* WHAT IS REQUIRED *
Print the lines below word for word, beginning with the first and ending with the line that holds "I chose the", and skip every picture.
--------------------------------
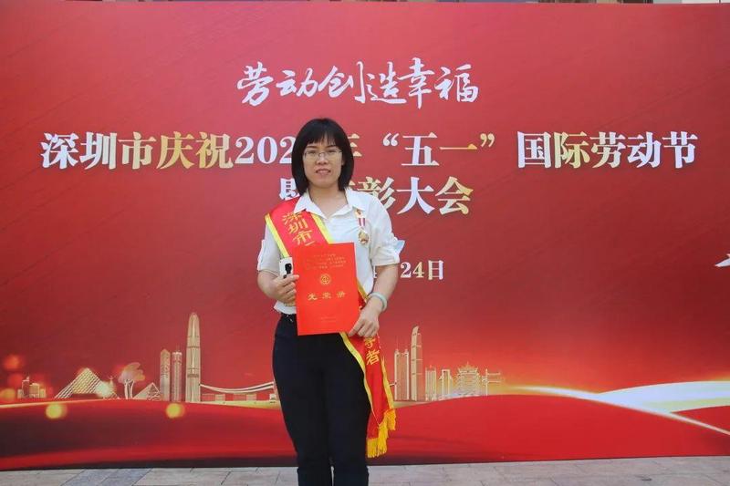 2020年,她被深圳市妇联授评“深圳市巾帼文明岗创岗活动先进个人”荣誉称号!2021年被深圳市总工会授予“深圳市五一劳动奖章”。
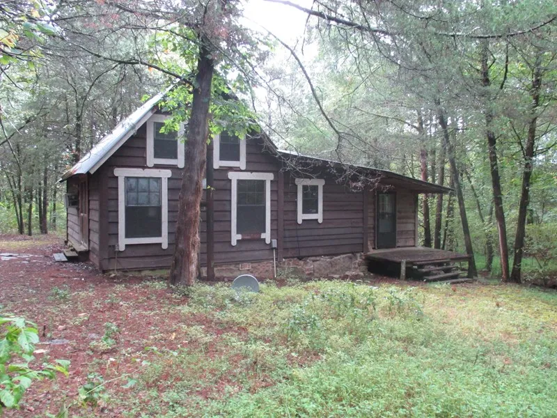 NESTLED IN THE WOODS! 1 1/2 Story cabin on 3.22 Acres. Comfortable enough for full time living or for a get-a-way. Enjoy the flowing stream &
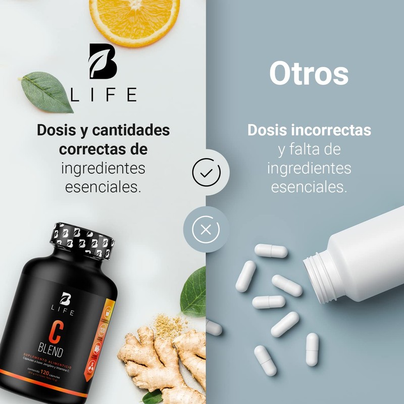 - C Blend B Life es un suplemento alimenticio con 120 cápsulas a base de Raíz de Jengibre y Vitamina C.
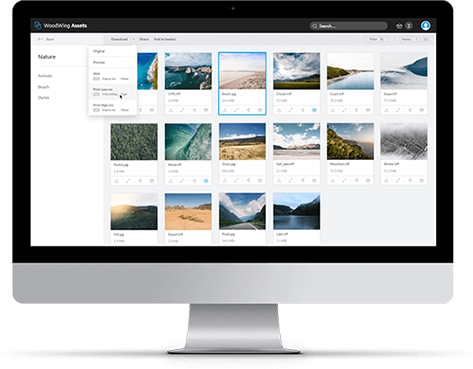 Compartilhe seus materiais finais com escritórios, lojas ou parceiros locais usando o portal WoodWing Assets Brand e permita que eles baixem o arquivo de que precisam, sob demanda.
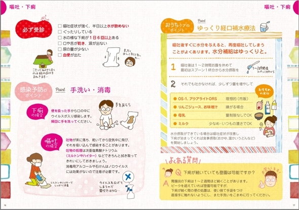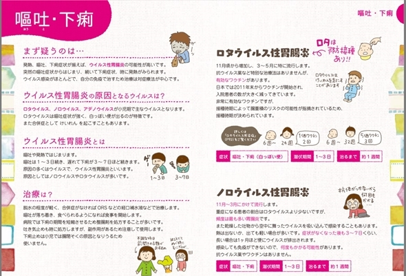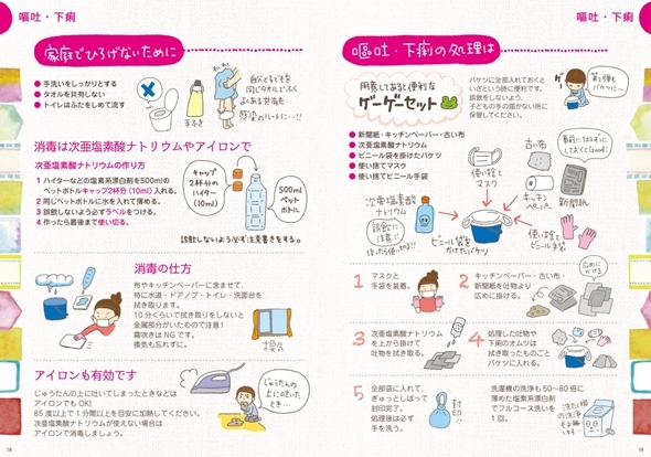 ノロウイルスをはじめ、おう吐下痢症は、避難所でも実際に多く発生しています。発生してしまうと、医療体制が脆弱になる災害時、乳幼児や高齢者にとって、命にかかわる病気にもなってしまいます。ノロウイルスはアルコールで死滅しないので、次亜塩酸ナトリウム(塩素系漂白剤)が必要になります。子育て世代にかかわらず、経口補水液の作り方やゲーゲーセットの作り方の対処法についてわかりやすく説明されているこのページは避難所運営必読のページかと思います。
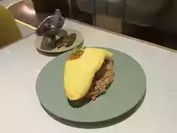 I chose the Wagyu burger and foie gras omelette rice ($158). The Wagyu burger under the egg was very thick.
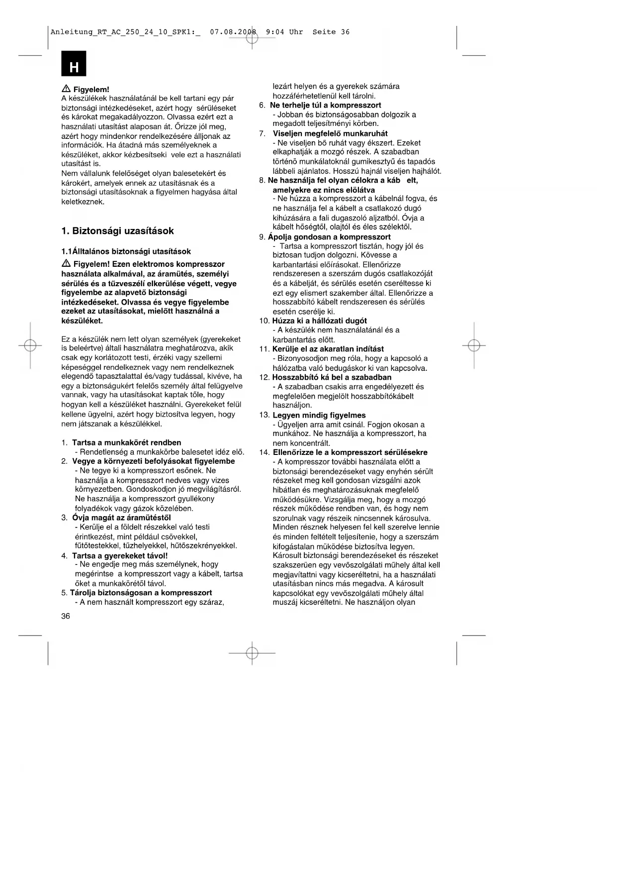 - A kompresszor további használata előtt a biztonsági berendezéseket vagy enyhén sérült részeket meg kell gondosan vizsgálni azok hibátlan és meghatározásuknak megfelelő működésükre. Vizsgálja meg, hogy a mozgó részek működése rendben van, és hogy nem szorulnak vagy részeik nincsennek károsulva. Minden résznek helyesen fel kell szerelve lennie és minden feltételt teljesítenie, hogy a szerszám kifogástalan müködése biztosítva legyen. Károsult biztonsági berendezéseket és részeket szakszerüen egy vevőszolgálati műhely által kell megjavítattni vagy kicseréltetni, ha a használati utasításban nincs más megadva. A károsult kapcsolókat egy vevőszolgálati műhely által muszáj kicseréltetni. Ne használjon olyan Anleitung_RT_AC_250_24_10_SPK1:_ 07.08.2008 9:04 Uhr Seite 36H
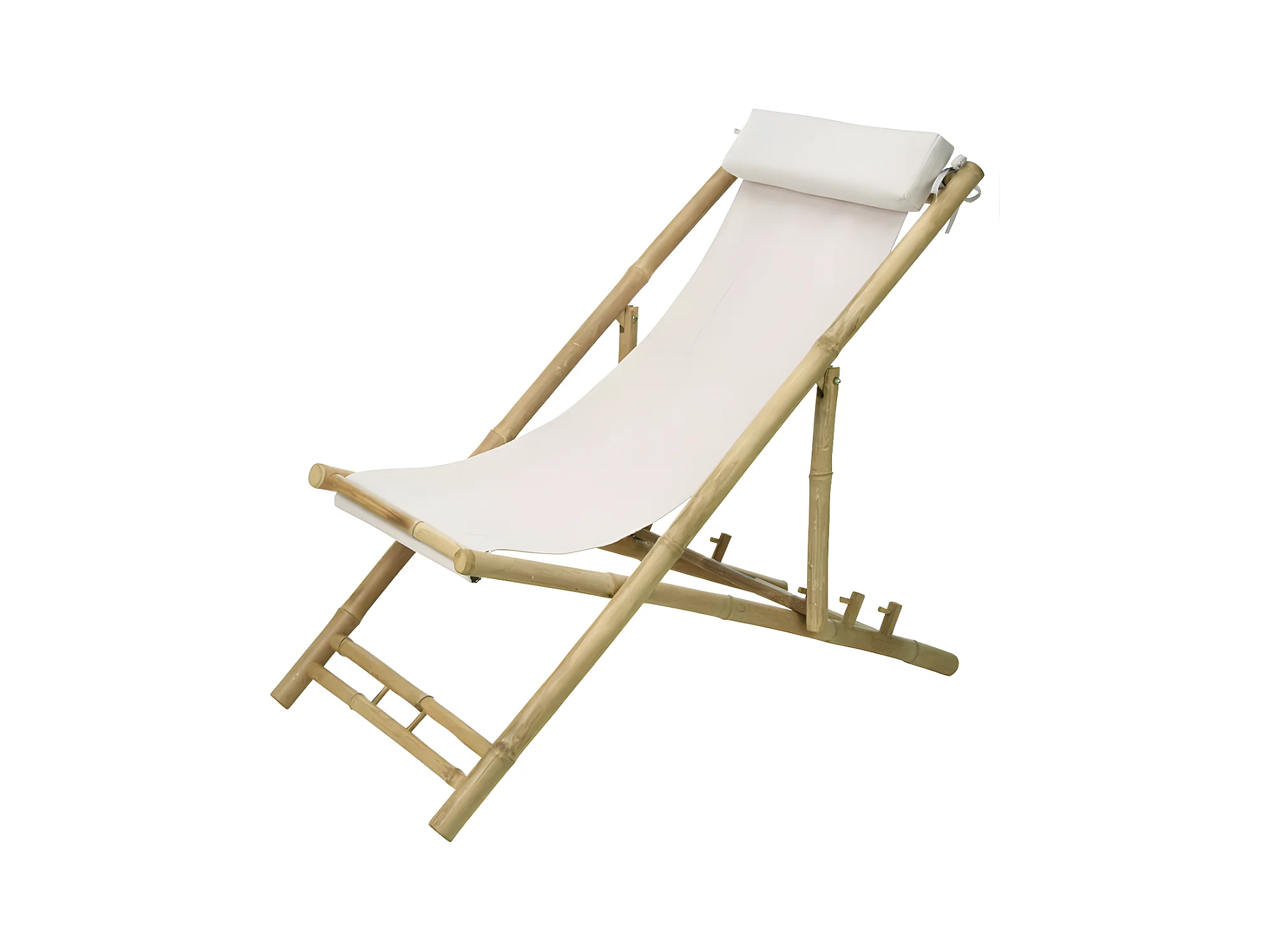 Chaise longue de jardin pliable beige en bois chilienne 3 positions de couchage jusqu'à 120 kg usage intérieur et extérieur balcon terrasse patio
--------------------------------
* PROBLEM SOLUTION *
 2020年,她被深圳市妇联授评“深圳市巾帼文明岗创岗活动先进个人”荣誉称号!2021年被深圳市总工会授予“深圳市五一劳动奖章”。
 NESTLED IN THE WOODS! 1 1/2 Story cabin on 3.22 Acres. Comfortable enough for full time living or for a get-a-way. Enjoy the flowing stream &
 - C Blend B Life es un suplemento alimenticio con 120 cápsulas a base de Raíz de Jengibre y Vitamina C.
 Compartilhe seus materiais finais com escritórios, lojas ou parceiros locais usando o portal WoodWing Assets Brand e permita que eles baixem o arquivo de que precisam, sob demanda.
 ノロウイルスをはじめ、おう吐下痢症は、避難所でも実際に多く発生しています。発生してしまうと、医療体制が脆弱になる災害時、乳幼児や高齢者にとって、命にかかわる病気にもなってしまいます。ノロウイルスはアルコールで死滅しないので、次亜塩酸ナトリウム(塩素系漂白剤)が必要になります。子育て世代にかかわらず、経口補水液の作り方やゲーゲーセットの作り方の対処法についてわかりやすく説明されているこのページは避難所運営必読のページかと思います。
 I chose the Wagyu burger and foie gras omelette rice ($158). The Wagyu burger under the egg was very thick.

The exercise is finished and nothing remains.